Exercise description:
Leave every picture out, and give again exactly the lines from the one containing "La Faërie, c'est" through the end of the listing.

Given data:
== Segment start ==
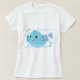 brighten your wardrobe with this charming womens blue tropical fish t-shirt featuring a whimsical cartoon design. the sweet round fish with its pink floral accents and yellow eyes creates a playful and artistic look perfect for casual summer days or beach vacations. this soft and comfortable graphic tee is a great choice for ocean lovers and anyone who appreciates cute aquatic characters and vibrant marine life art.
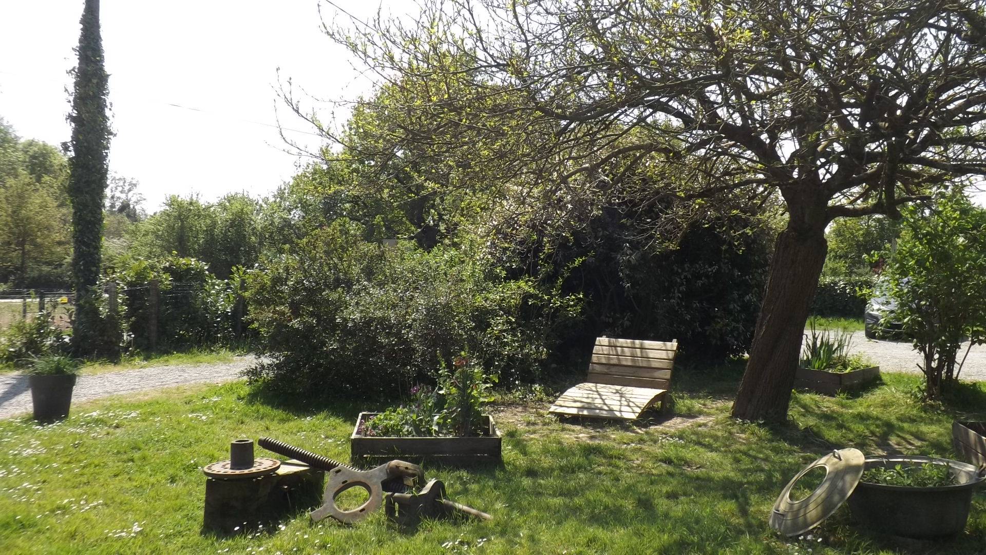 La Faërie, c'est un hectare de nature ; avec son verger, son coin dédié aux petits animaux de la ferme (poules d'agrément, canards, lapins), des prés avec poneys, chèvres et poules, un bois, et un espace jeux dédiés aux enfants clos et aménagé.
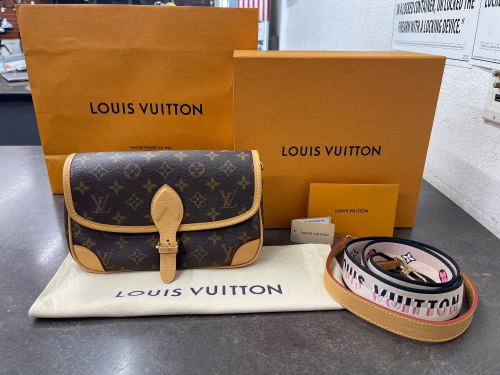 For sale is a Louis Vuitton Diane NMPM shoulder bag, model M46049 with its 'Black' thicker strap. The handbag is in great condition and appears to be new and unused. The listing will come with its Louis Vuitton box, dust bag, shopping bag and tags. The box has a few spots on it that can be seen better in pictures.
== Segment end ==
Solution to this exercise:
 La Faërie, c'est un hectare de nature ; avec son verger, son coin dédié aux petits animaux de la ferme (poules d'agrément, canards, lapins), des prés avec poneys, chèvres et poules, un bois, et un espace jeux dédiés aux enfants clos et aménagé.
 For sale is a Louis Vuitton Diane NMPM shoulder bag, model M46049 with its 'Black' thicker strap. The handbag is in great condition and appears to be new and unused. The listing will come with its Louis Vuitton box, dust bag, shopping bag and tags. The box has a few spots on it that can be seen better in pictures.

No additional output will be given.